To investigate the use of “Control Point Analysis” (Sun Nuclear Corporation, Melbourne, FL) to analyze and compare delivered volumetric-modulated arc therapy (VMAT) plans for 3 different treatment planning complexity levels. A total of 30 patients were chosen and fully anonymized for the purpose of this study. Overall, 10 lung stereotactic body radiotherapy (SBRT), 10 head-and-neck (H&N), and 10 prostate VMAT plans were generated on Pinnacle3 and delivered on a Varian linear accelerator (LINAC). The delivered dose was measured using ArcCHECK (Sun Nuclear Corporation, Melbourne, FL). Each plan was analyzed using “Sun Nuclear Corporation (SNC) Patient 6” and “Control Point Analysis.” Gamma passing percentage was used to assess the differences between the measured and planned dose distributions and to assess the role of various control point binning combinations.
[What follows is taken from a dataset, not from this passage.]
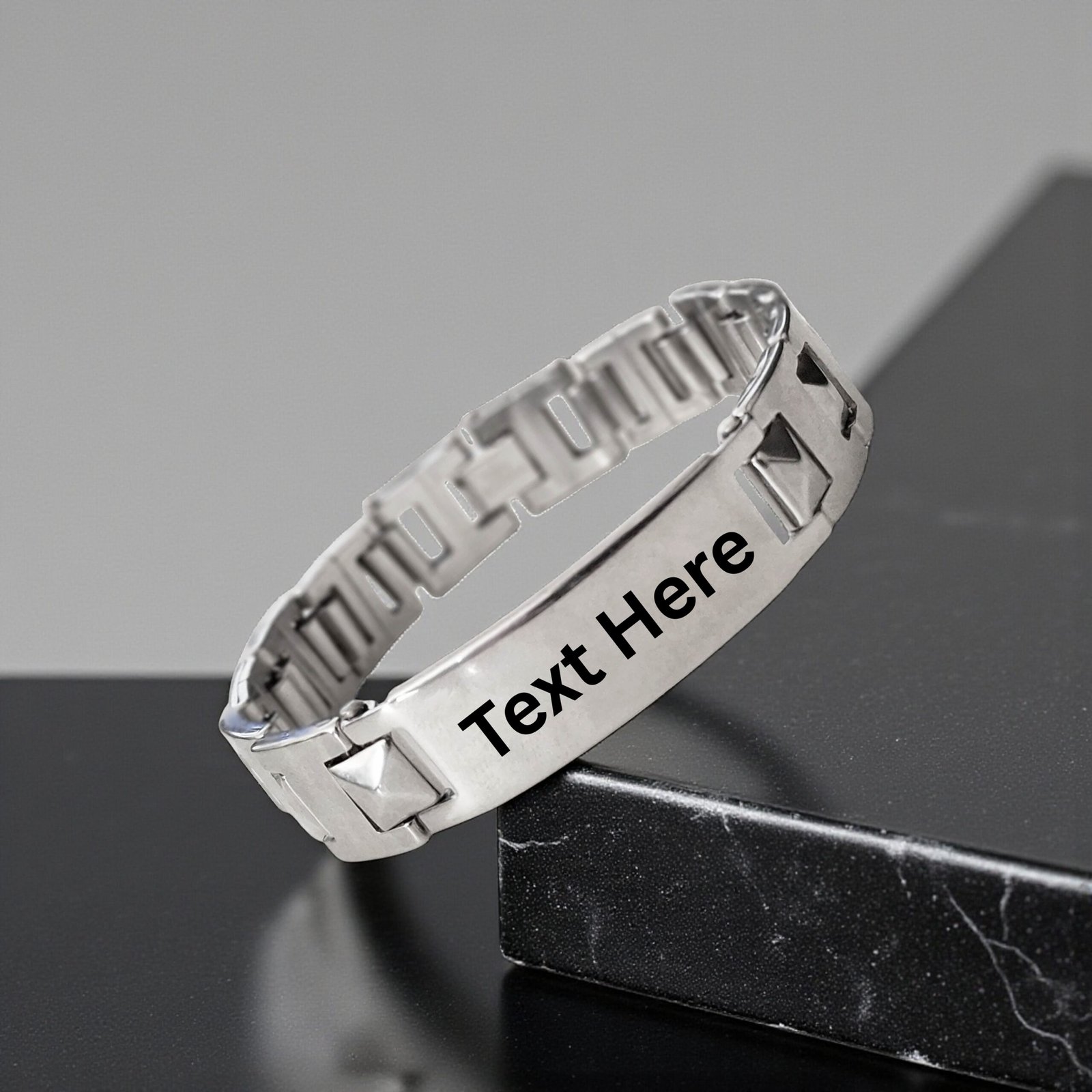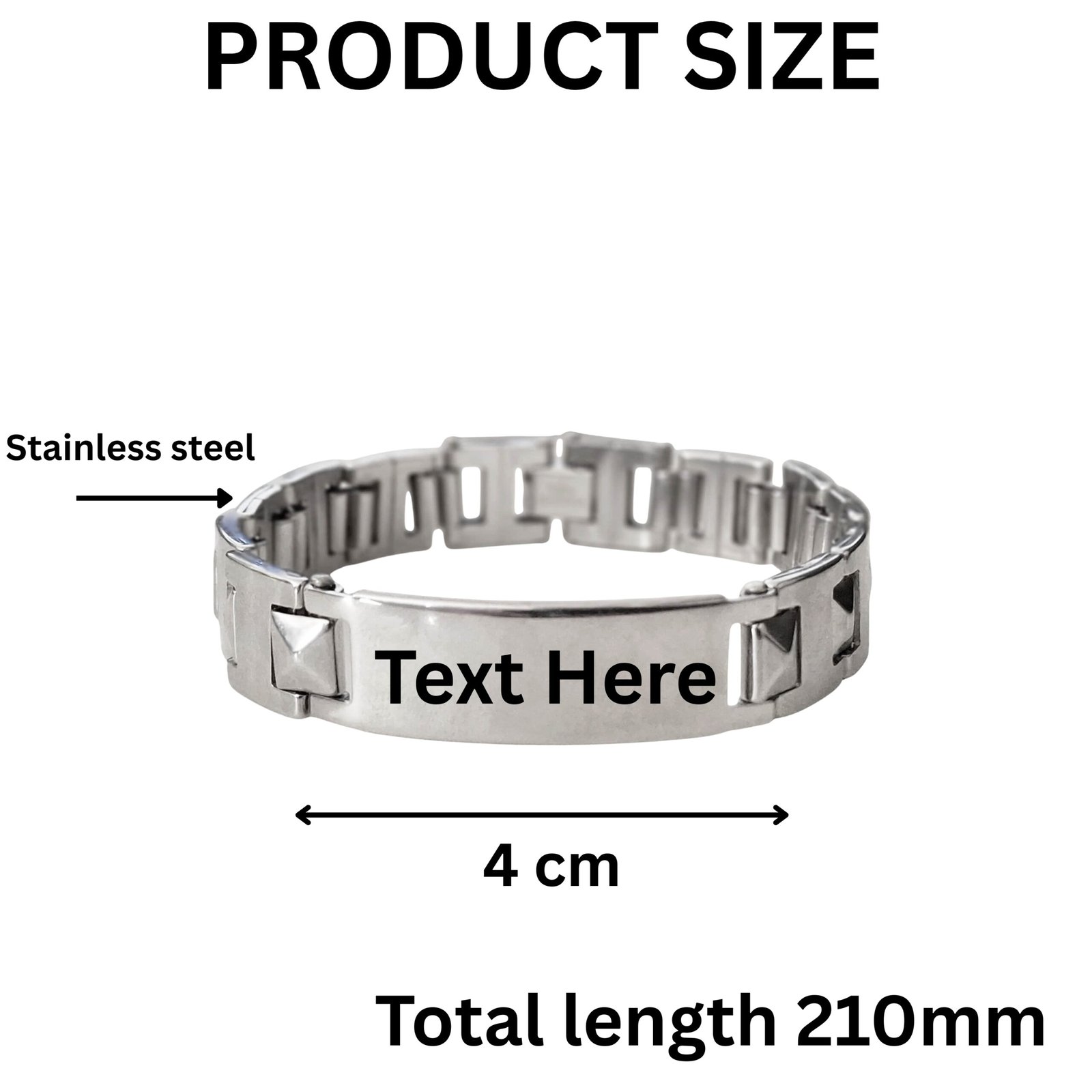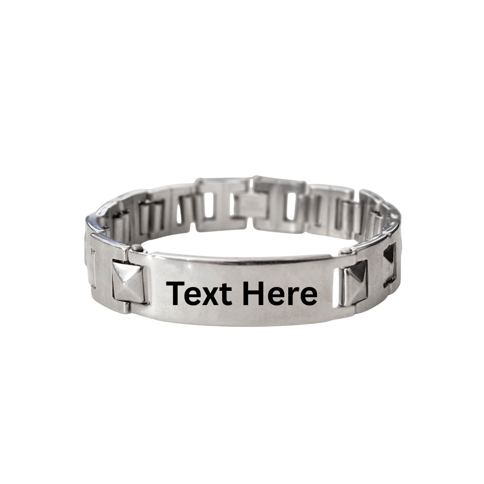 - Sleek. Strong. Sharp. This Men’s Stud-Link ID Bracelet is for the guy who carries presence. Crafted from durable stainless steel with raised pyramid studs and a blank engravable plate, it combines biker attitude with modern elegance. Whether you’re dressing it up or rocking it daily — this bracelet speaks bold without trying too hard. Personalize it with something raw and real — like “Hustle Mode”, “Ride Free”, or a simple date that matters.

Of the different sites considered, the prostate cases reported the highest gamma passing percentages calculated with “SNC Patient 6” (97.5% to 99.2% for the 3%, 3 mm) and “Control Point Analysis” (95.4% to 98.3% for the 3%, 3 mm). The mean percentage of passing control point sectors for the prostate cases increased from 51.8 ± 7.8% for individual control points to 70.6 ± 10.5% for 5 control points binned together to 87.8 ± 11.0% for 10 control points binned together (2%, 2-mm passing criteria). Overall, there was an increasing trend in the percentage of sectors passing gamma analysis with an increase in the number of control points binned together in a sector for both the gamma passing criteria (2%, 2 mm and 3%, 3 mm). Although many plans passed the clinical quality assurance criteria, plans involving the delivery of high Monitor Unit (MU)/control point (SBRT) and plans involving high degree of modulation (H&N) showed less delivery accuracy per control point compared with plans with low MU/control point and low degree of modulation (prostate).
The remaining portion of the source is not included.